If a line comes from a month other than March, is there an easy way to tell if it comes from the Basic Monthly sample or one of the Supplements, and if the latter, which one? I observe that there are 15 Suppliments, so some months must have multiple Supplements.

If you select a Suppliment sample, and you have also selected variables from the ASEC-associated March Basic Monthly Core, will you automatically get those same variables from the March Basic Monthly associated with the month of the Suppliment?

I have been using the same sample selection for all my extracts, on the assumption that this will make them line up and I can just glue the columns together. But now I think I need to pull out all the rows that don’t come with the ASEC and then merge them back in, so that each line represents a single person-year combination.

Assume that one row per person-year (where a “year” actually refers to four consecutive months containing a March) is my goal, so that all the information (in the samples and variables I have selected) about a person during one 4-month interval ends up on a single row. (I am not looking at the Monthly samples except as they are associated with a supplement or the ASEC). This suggests that it does not make sense to put all the samples I am using in each extract, since I just need to pull them out again in order to merge them, creating an extra step. Does this seem right?

I am confused about how the Hispanic oversample plays in all this. I know that the ASEC Basic Monthly (Core) variables associated with this sample come from the preceding November . I suppose it means that MONTH alone is not a reliable way to distinguish whether an individual line in an extract is in or out of the ASEC Core, but I’m not sure that is all it means.

Since you are trying to create on row per person per year, I will start by pointing you to the IPUMS CPS Linking page.
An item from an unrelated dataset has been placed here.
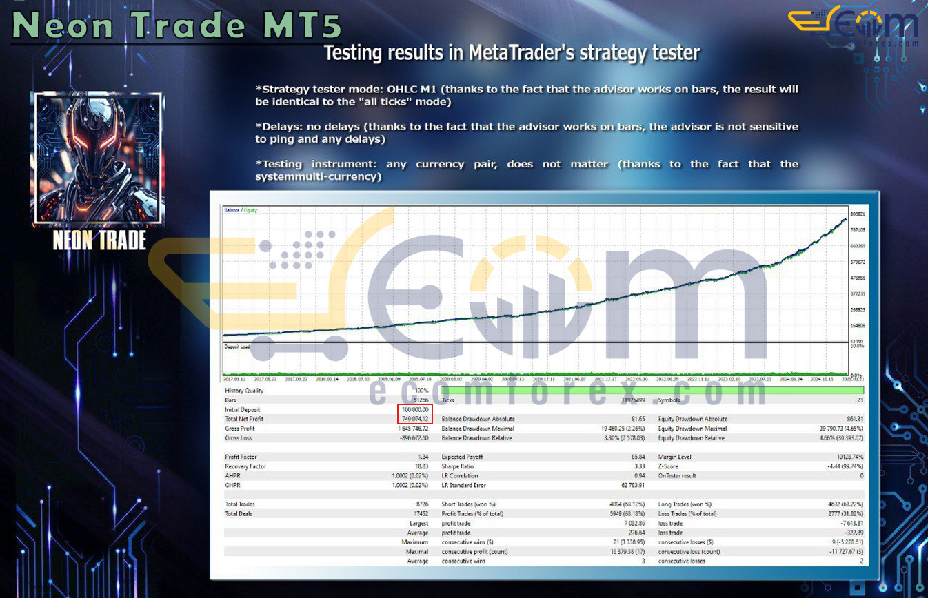 Neon Trade EA has delivered exceptional long-term profitability in Forex trading, proving its consistency and efficiency through extensive backtesting.

This should hopefully answer some of your questions about the nature of the short panel survey design used by the CPS and I will link to specific sections as I answer your questions in order:

  1. “Core” variables will appear on the same person record as ASEC variables for individuals in the ASEC sample. However, if your extract also includes the March Basic sample from the same year, all person records from the March Basic sample will also have these variables. This is unique to the ASEC supplement. Most IPUMS CPS supplements include the Basic Monthly in the same sample because they are composed of the same person records. This is not the case for ASEC supplements since they include oversamples. More info here.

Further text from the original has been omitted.